На мессе Гастон увидел графа Лаваля и герцога Ришелье, они попросили разрешения присутствовать на службе не из религиозных чувств, а для того, чтобы побеседовать. Гастон видел, что, стоя рядом друг с другом на коленях, они все время шептались; по-видимому, у господина де Лаваля были очень важные новости для герцога, и судя по взглядам, которые герцог время от времени бросал на Гастона, они касались и его. Однако, поскольку и тот и другой обратились к нему только с обычными вежливыми словами, Гастон сдержался и не задал никаких вопросов.
Месса окончилась, и узников повели в их камеры. Когда Гастон шел по темному коридору, ему попался навстречу человек, по виду один из здешних служителей, этот человек нащупал руку Гастона и сунул в нее маленькую бумажку.
Гастон небрежно опустил руку в карман камзола
Но едва войдя в камеру и дождавшись, чтоб за конвойным закрылась дверь, он живо вытащил записку из кармана. Она была написана на обертке из-под сахара заточенным угольком и содержала одну-единственную строчку:
«Притворитесь больным от тоски».
Сначала Гастону почерк записки показался знакомым, но она была так грубо нацарапана, что буквы, которые он видел, ничем не помогли его памяти. Он перестал размышлять на эту тему и стал с нетерпением дожидаться вечера, чтобы посоветоваться с шевалье Дюменилем относительно своих дальнейших действий.
Когда стало темно, тот подал обычный знак, шевалье занял свой пост и Гастон рассказал ему, что с ним случилось, спросив Дюмениля, уже достаточно долго пробывшего в Бастилии, что он думает по поводу совета, данного ему неизвестным корреспондентом.
— Я, ей-ей, не знаю, — ответил ему шевалье, — куда этот совет может вас завести, но все же последуйте ему, повредить вам это не может. Может быть, вас будут меньше кормить, но это самое худшее, что может с вами из-за этого случиться.
— А если, — сказал Гастон, — заметят, что я притворяюсь?
— О, нет никакой опасности, — ответил шевалье Дюме-ниль, — врач Бастилии в медицине совершенный невежда, и он будет лечить эту болезнь так, как вы сами себе пропишете; может быть, вам тоща разрешат прогулку в саду, а это большое развлечение.
Гастон этим не ограничился и посоветовался с мадемуазель де Лонэ, которая, исходя то ли из здравого смысла, то ли из симпатии к Дюменилю, была точно того же мнения, что и он, она только добавила:
— Если вам предпишут диету, скажите мне, и я вам передам цыплят, варенье и бордо.

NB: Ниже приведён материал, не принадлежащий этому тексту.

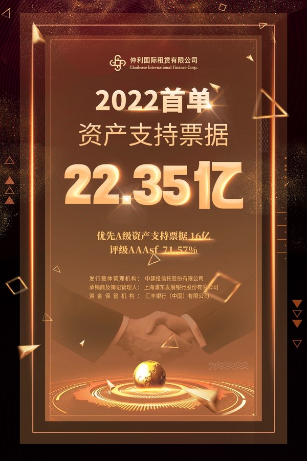 上海2022年1月17日 /新闻稿网 - Xinwengao.com/ — 2022年1月13日,仲利国际租赁有限公司成功发行2022年度第一单定向资产支持票据,发行总规模为人民币22.35亿。其中,优先A级资产支持票据发行额为人民币16亿,评级为AAAsf,占比71.57%;次级资产支持票据发行额为人民币6.35亿,占比28.43%。

Помпадур же не мог сказать ничего, потому что дыра не была еще пробита. Итак, Гастон притворился больным, перестал есть то, что ему приносили, и жил щедростью своей соседки, чьи дары он принимал. К исходу второго дня к нему поднялся сам господин де Лонэ. Ему доложили, что Гастон уже сорок часов ничего не ест. Комендант нашел узника в постели.
— Сударь, — сказал он ему, — я узнал, что вы недомогаете, и пришел сам справиться о вашем здоровье.
— Вы слишком добры, сударь, — ответил Гастон, — мне, правда, нездоровится.
— А что с вами? — спросил комендант.
— Ах, сударь, — сказал Гастон, — надеюсь, что не задену ваше самолюбие: я в Бастилии тоскую.
— Как?! Да вы же здесь всего четыре-пять дней!
— Я затосковал с первой минуты.
— И какая же тоска вас одолела?
— А что, их много?
— Конечно, можно тосковать по своей семье.
— У меня ее нет.
— Тогда по возлюбленной. Гастон вздохнул.
— Тоскуют по родине.
— Да, это то самое, — сказал Гастон, чувствуя, что нужно же тосковать по чему-нибудь.
Комендант минуту размышлял.
— Сударь, — сказал он, — с тех пор как я стал комендантом Бастилии, единственные приятные минуты, которые выпали на мою долю, были те, когда я мог оказать какую-либо услугу дворянам, доверенным королем моему попечению. Я готов сделать что-нибудь для вас, если вы обещаете мне вести себя разумно.